By 1881, Mary still has the same household, except that she has been joined by her widowed younger sister Adeline Alsop.  Adeline later moves to Hampstead in London where she is joined by her brother Henry after his wife dies.  When we trace Victorian families it is always sad to note the fragility of life before the advent of 20th Century medical advances.

Ten years on and Mary was 71.  Her household still consisted of the Burnham ladies.  She had a family visitor, one William B Towle (aged 33) a general practitioner.  This 1891 census is the last one to show Mary Towle and she died in August 1900 and probate records show that she left an estate of £3858.
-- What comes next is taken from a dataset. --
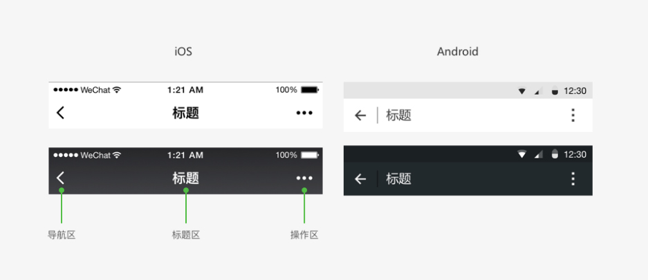 微信導航欄分為導航區(qū)域、標題區(qū)域以及操作區(qū)域。其中導航區(qū)控制程序頁面進程。目前導航欄分深淺兩種基本配色,在iOS和Android展示有所不同,如下圖所示:
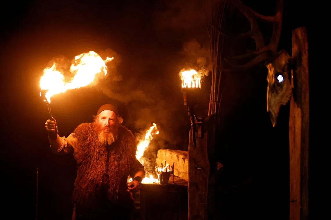Ironmonger Tom King, also known as An Gobha (Irish for "the blacksmith"), guiding tourists on a fire torch walk through a forest at night as part of his immersive ancient Celtic experience, in Bohermeen, Ireland on Sept 30, 2025.

Bloso Fields was then put on the market.  In 1901 Bloso Fields was occupied for a short time by Dr John Aspinal Hunt and his family. Dr Hunt is the son of the owner of Bartlewood Lodge.

New residents appear in the 1911 census as the Newbold family.  James William Newbold JP was Poor Law Union Clerk on the Board of Guardians.  This included the large workhouse at Shardlow.  Mrs Eliza Newbold was the sister of the last Liberal MP for Derby, Thomas Roe (1st Lord Roe of Derby) and James Newbold was also involved in politics being Mayor of Derby in 1888.

The Newbold family was in Osmaston Derby in 1901.   Newbold Avenue (off Draycott Road) built in 1929 is named after James Newbold. These council houses were built to house people from Grundy’s Yard.